Lucy has never looked back since her decision to turn professional, and sees no disadvantage in being one of the few female jockeys in a male-dominated sport.

"There's a perception out there that people are reluctant to use female jockeys for fear of them getting hurt, but it's not something I've personally encountered.

"I'm aware of the dangers involved, but my attitude is that it's down to luck whether you get injured or not. It's the same for all jockeys – there's no greater risk because you're a girl.

"Trainers like Ferdy Murphy and Barry Murtagh have been really supportive – last season while I was still an amateur Barry gave me plenty of rides against professionals, which is unusual. I've not had any problems with being a girl.

"People ask whether I get fed up being treated as a girl jockey, but it doesn't annoy me because I am a girl jockey! As long as I'm respected for my achievements and treated on merit rather than people saying, 'oh she's good for a girl', then I'm happy.

"But the only way to make sure that doesn't happen is to win races and earn people's respect," she adds.

Gee Armytage was the most successful female professional of recent times, having ridden two winners at the Cheltenham Festival in 1987, and her mother-in-law Sue Bradburne recently announced her retirement from a 24-year long training career, to join Nick Alexander as assistant and consultant.

Sue describes Lucy as "a natural" with "a real racing brain.

"She's got that marvellous natural ability without a care in the world," said Sue. "She just rides with her heart."

Horses and racing have always been a part of Lucy's family life – her uncle Jamie and brother Kit both proving successful amateur riders, while a race at Kelso is named in memory of her grandfather, Cyril.

Lucy is clearly dedicated to her profession – health and fitness being something she treats very seriously.

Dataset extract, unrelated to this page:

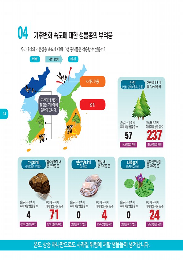 우리나라의 기온상승 속도에 대해 야생 동식물은 적응할 수 있을까? 04 기후변화 속도에 대한 생물종의 부적응 현재 미래 자신에게 가장 잘 맞는 기후대에 살아야 합니다. 멸종 서식지 이동 온도 상승 하나만으로도 사라질 위험에 처할 생물들이 생겨납니다. 14 기후대 변화 갯벌 내 총 270종 중 온실가스 감축 시 피해 예상 생물 종 수 연안생태계 무척추 현 상태 유지 시 피해 예상 생물 종 수 0 4 생물종 위험 없음 1.5% 생물종 위험 담수생태계 내 총 697종 중 온실가스 감축 시 피해 예상 생물 종 수 수생태계 민물어류, 무척추 현 상태 유지 시 피해 예상 생물 종 수 4 71 0.5% 생물종 위험 10% 생물종 위험 산림생태계 내 총 4,744종 중 온실가스 감축 시 피해 예상 생물 종 수 산림 식물,...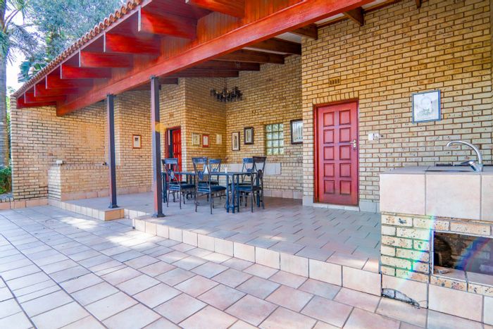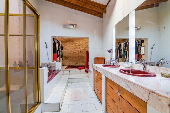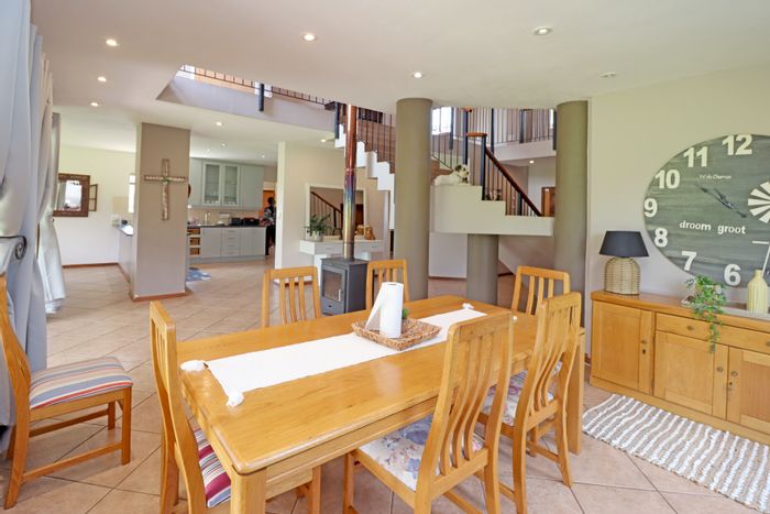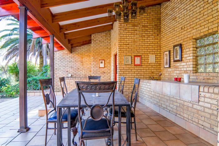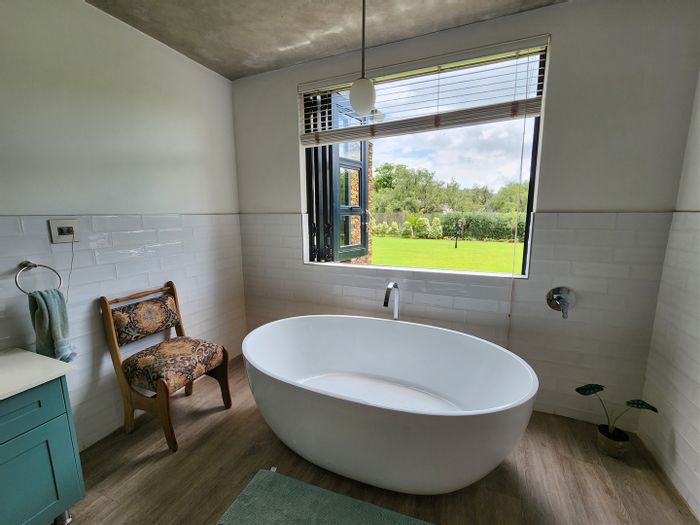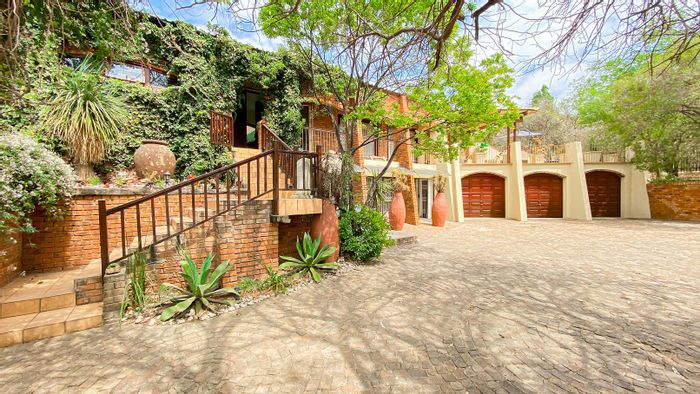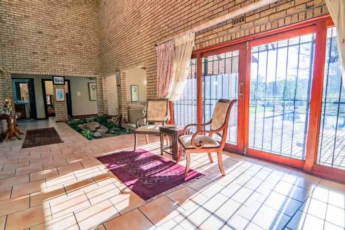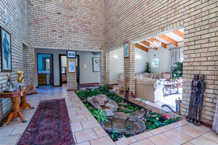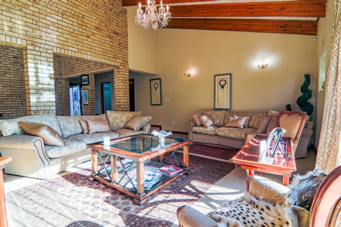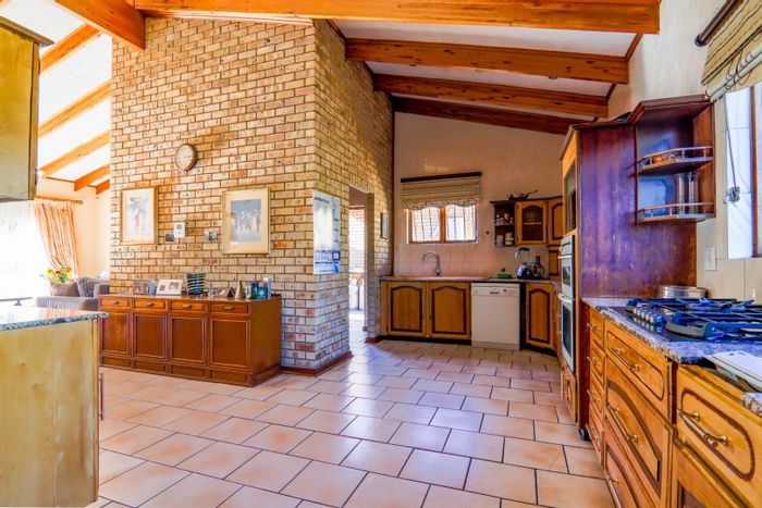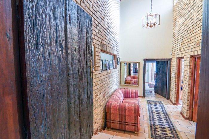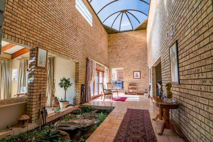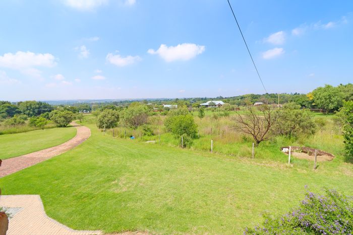 Hilltop Randjes retreat with immaculate manicured gardens, double-volume living and exposed rafters, under-roof braai patio, and a magazine-worthy ensuite with freestanding bath — land ideal for stables or pool.

"Fitness is so important because if you get tired in a race then your brain goes too," she explains.

"People don't appreciate just how physically demanding jump riding is, but I'm lucky because I don't struggle with my weight like some of the lads, who have to waste and be in the sauna every day.

Jockeys' agent Richard Hale is delighted to have Lucy on his books and comments:"Lucy has still got a lot to learn, but one of the good things about her is that she takes advice on board and uses it constructively.

"She's also a very nice, down-to-earth person and that's a great asset too. Owners and trainers enjoy dealing with her and she's also well liked in the weighing-room."

Lucy got the new season underway with a winner at Sedgefield on May 1, winning the 3m 3f handicap chase on Mansonien L'As for Ferdy Murphy.

Lucy, in typically unassuming style, merely adds: "I'm enjoying it so much – I get paid to do something I would do for fun!"